On 2015-11-04 16:01:28 +0900, Michael Paquier wrote:
> On Wed, Nov 4, 2015 at 8:39 AM, Andres Freund <andres@anarazel.de> wrote:
> > On November 4, 2015 12:37:02 AM GMT+01:00, Michael Paquier wrote:
> >>On a completely idle system, I don't think we should log any standby
> >>records. This is what ~9.3 does.
> >
> > Are you sure? I think it'll around checkpoints, no? I thought Heikki had fixed that, but looking sound that doesn't
seemto be the case.
>
> Er, yes, sorry. I should have used clearer words: I meant idle system
> with something running nothing including internal checkpoints.
Uh, but you'll always have checkpoints happen on wal_level =
hot_standby, even in 9.3? Maybe I'm not parsing your sentence right.
As soon as a single checkpoint ever happened the early-return logic in
CreateCheckPoint() will fail to take the LogStandbySnapshot() in
CreateCheckPoint() into account. The test is: if (curInsert == ControlFile->checkPoint +MAXALIGN(SizeOfXLogRecord +
sizeof(CheckPoint))&&ControlFile->checkPoint == ControlFile->checkPointCopy.redo)
which obviously doesn't work if there's been a WAL record logged after
the redo pointer has been determined etc.
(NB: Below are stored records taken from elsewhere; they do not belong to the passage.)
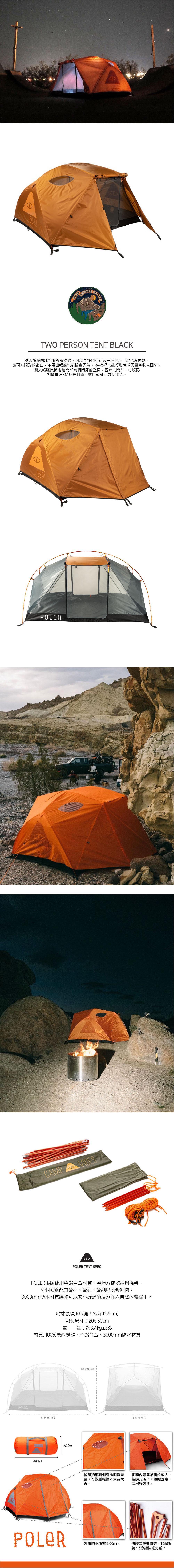 POLER帳篷使用輕鋁合金材質,輕巧方便收納與攜帶, 每個帳篷配有營柱、營釘、營繩以及修補包,3000mm防水材質讓你可以安心舒適的浸溺在大自然的饗宴中。
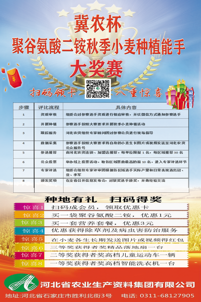 隆堯縣是河北省糧食生產(chǎn)核心區(qū)建設(shè)縣,是全國有名的方便面生產(chǎn)基地,全縣小麥種植面積60多萬畝,其中優(yōu)質(zhì)強筋麥面積超過30萬畝,隆堯小麥種植優(yōu)勢明顯。為使更多農(nóng)戶用上聚谷氨酸二銨,公司特舉辦“冀農(nóng)杯”聚谷氨酸二銨秋季小麥種植能手大賽,就是想以大賽的形式,讓廣大農(nóng)民用上好肥料,取得好收成,讓經(jīng)銷商得到好回報。
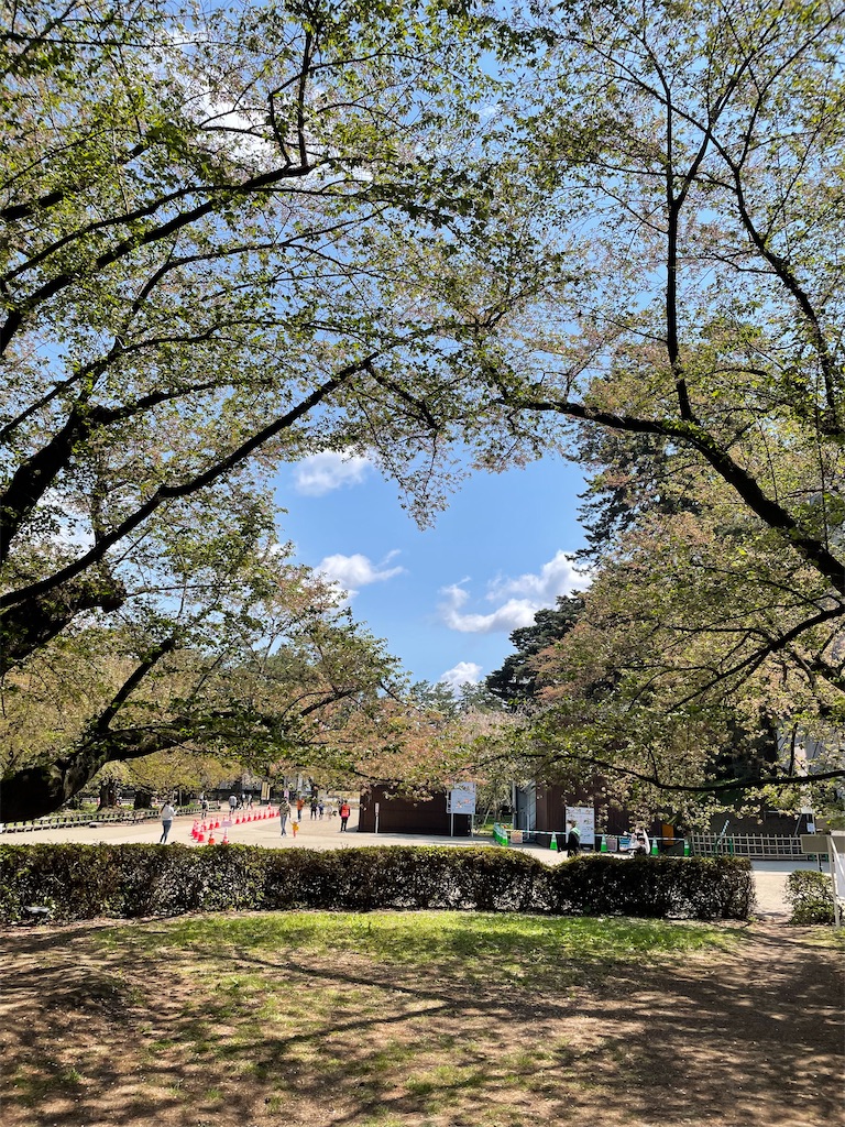 場内にある「桜のハート」、のはずでしたが、残念ながら葉桜になっていました。
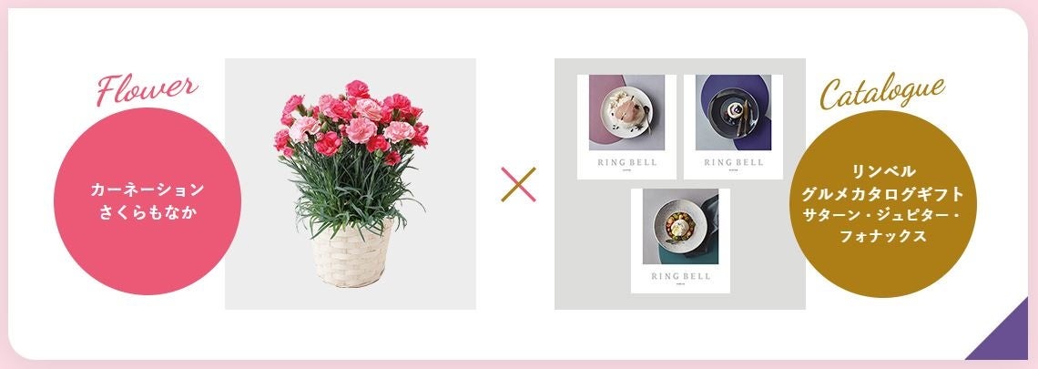 カーネーション<さくらもなか> + リンベルグルメカタログギフト<サターン> 7,480円
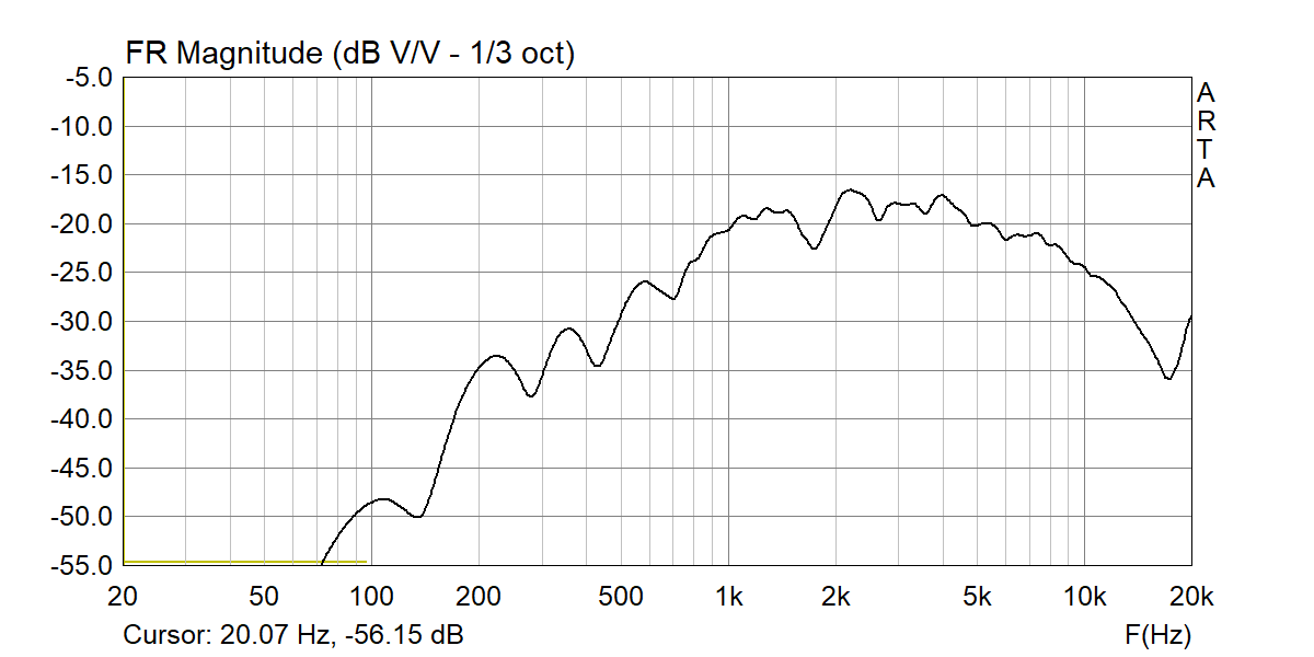 Если рупор ВЧ поставить прямо на динамик, то все не плохо, но как только с грилем - сразу яма на 2,5 кГц. Подозрение, что горло этого рупора не стыкуется с фланцем ВЧ.
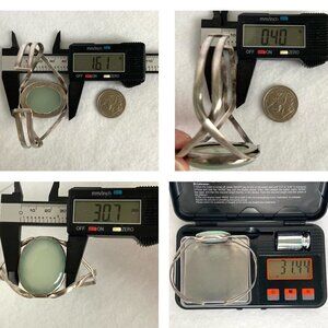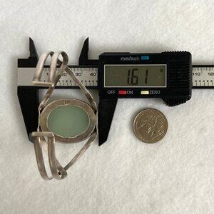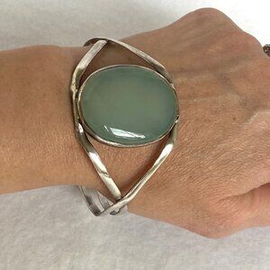 Sterling Silver 925 Large Oval Green Chalcedony Split Band Cuff Bracelet Sz 8"
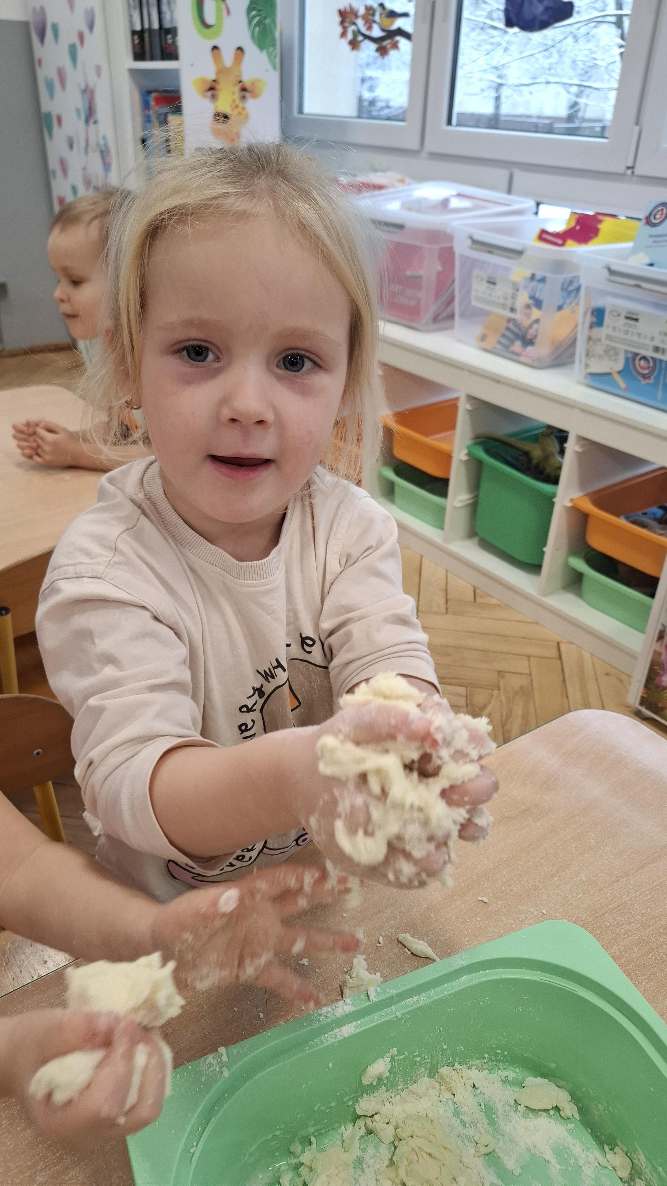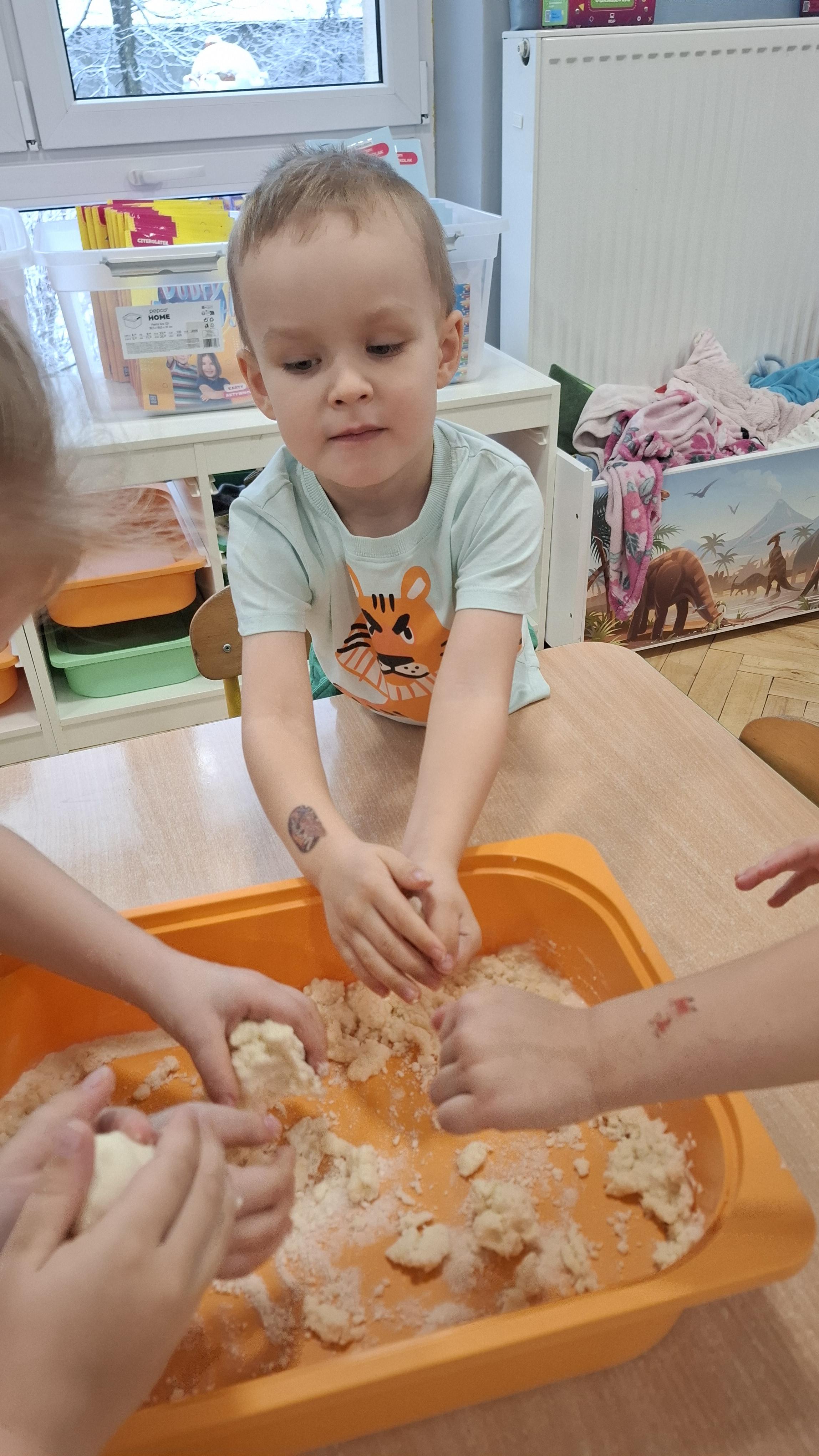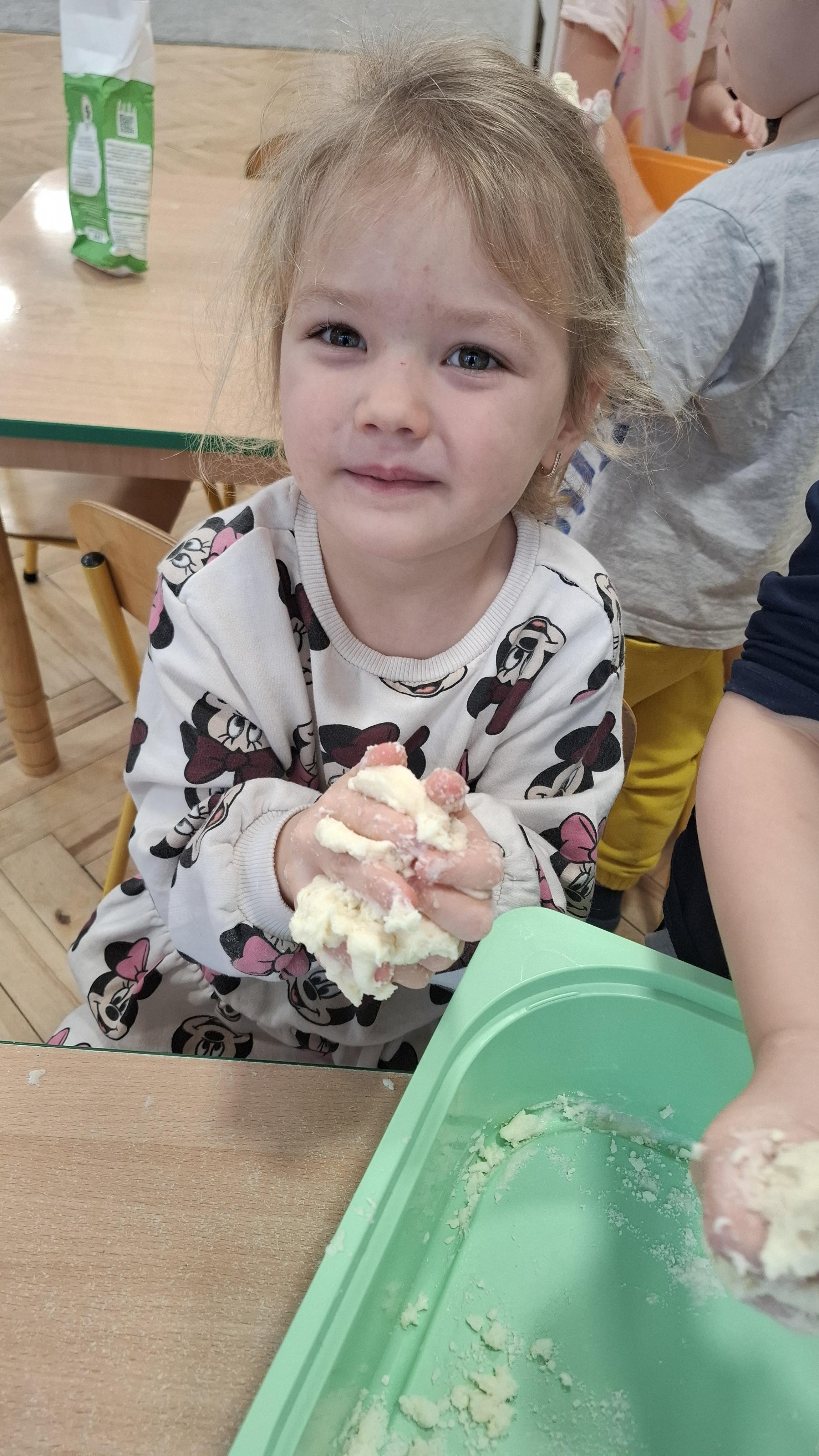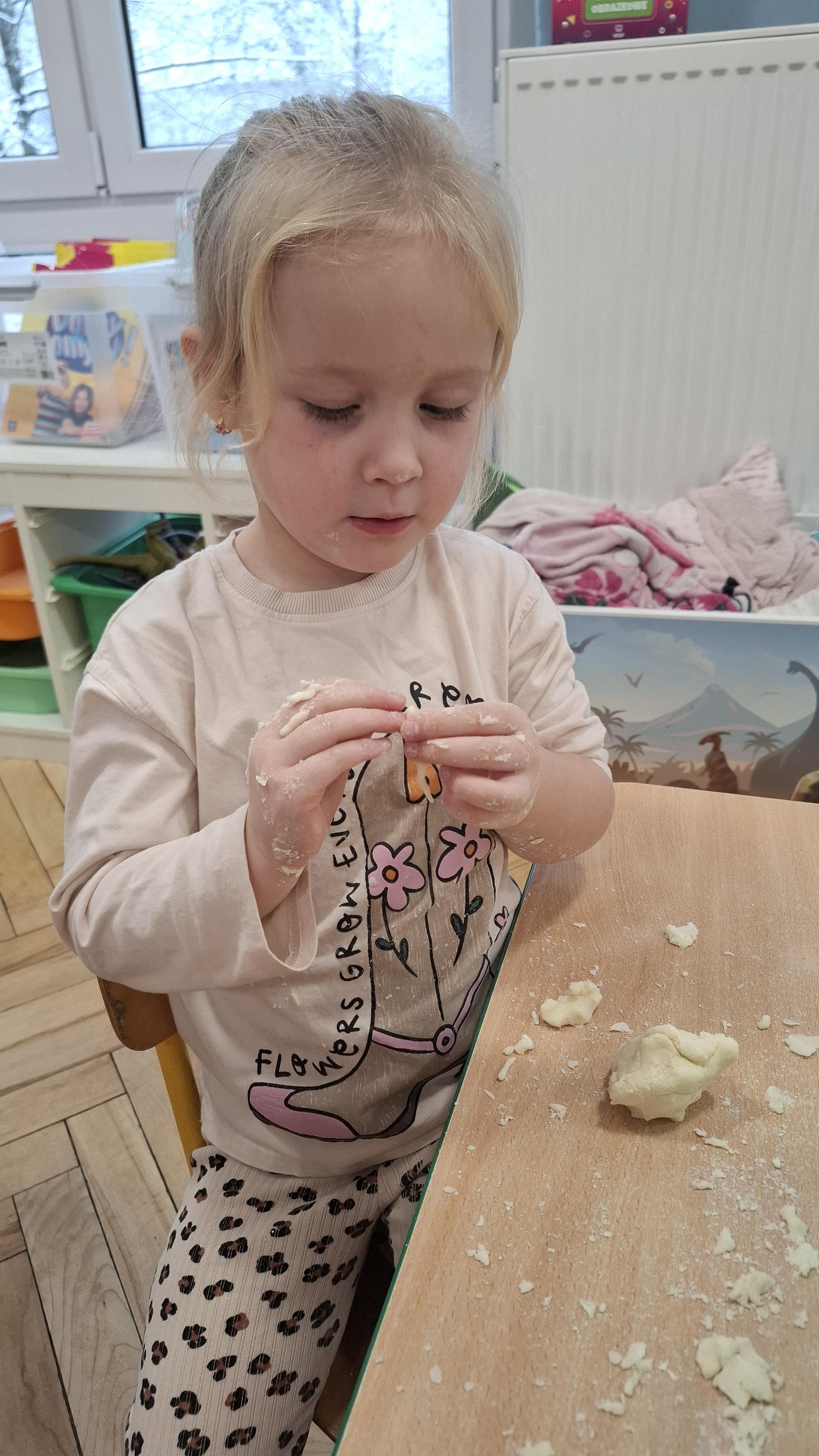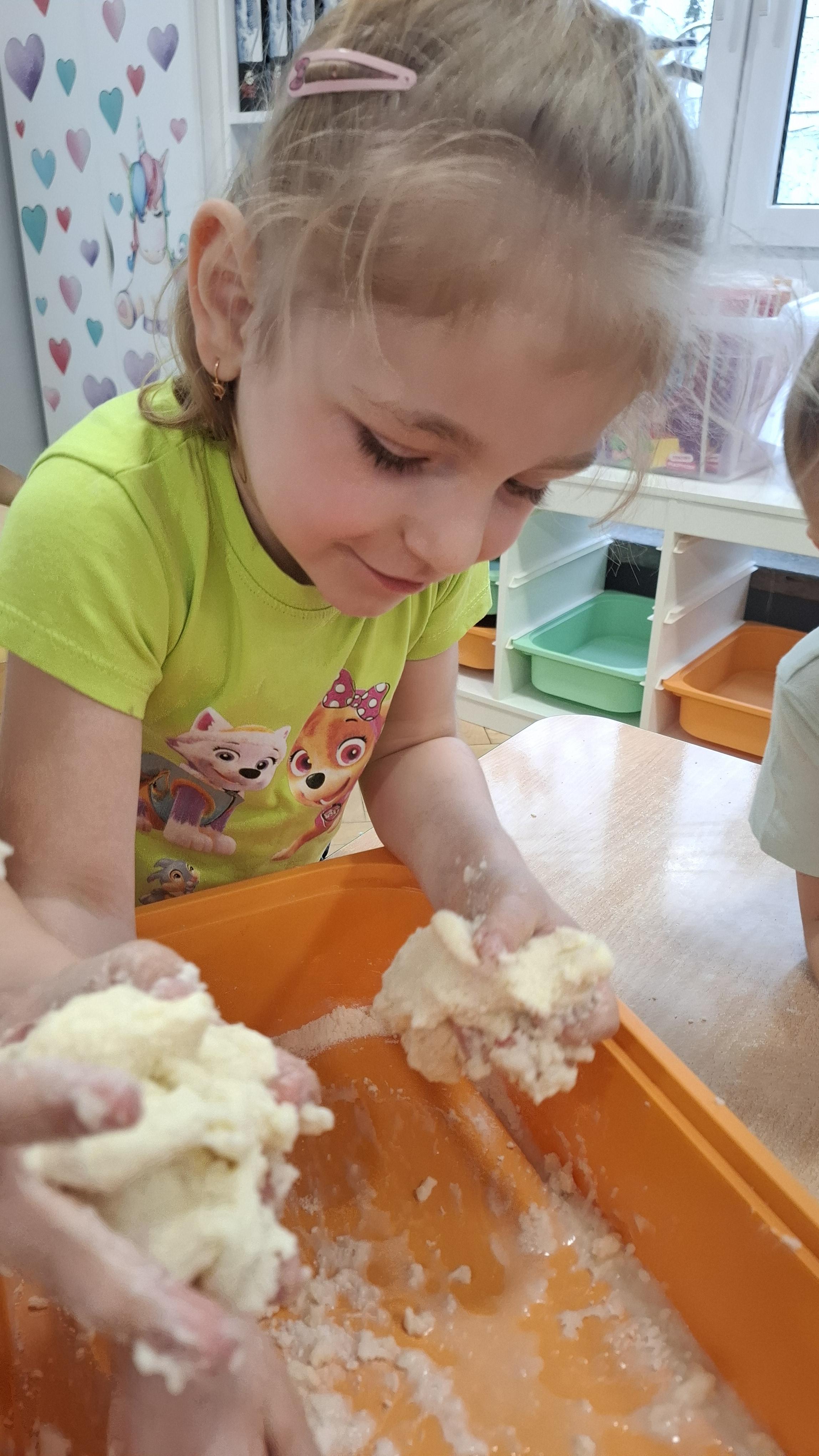 Dzieci samodzielnie zagniatały masę, dzięki czemu oprócz węchu intensywnie pracował także zmysł dotyku. Mieszanie, ugniatanie i formowanie plasteliny było dla dzieci relaksujące i niezwykle angażujące.

The reason that a single checkpoint is needed to "jumpstart" the
pointless checkpoints is that otherwise we'll never have issued a
LogStandbySnapshot() and thus the above code block works if we started
from a proper shutdown checkpoint.
Independent of the idle issue, it seems to me that the location of the
LogStandbySnapshot() is actually rather suboptimal - it really should
really be before the CheckPointGuts(), not afterwards. As closer it's to
the redo pointer of the checkpoint a hot standby node starts up from,
the sooner that node can reach consistency. There's no difference for
the first time a node starts from a basebackup (since we gotta replay
that checkpoint anyway before we're consistent), but if we start from a
restartpoint...
Greetings,
Andres Freund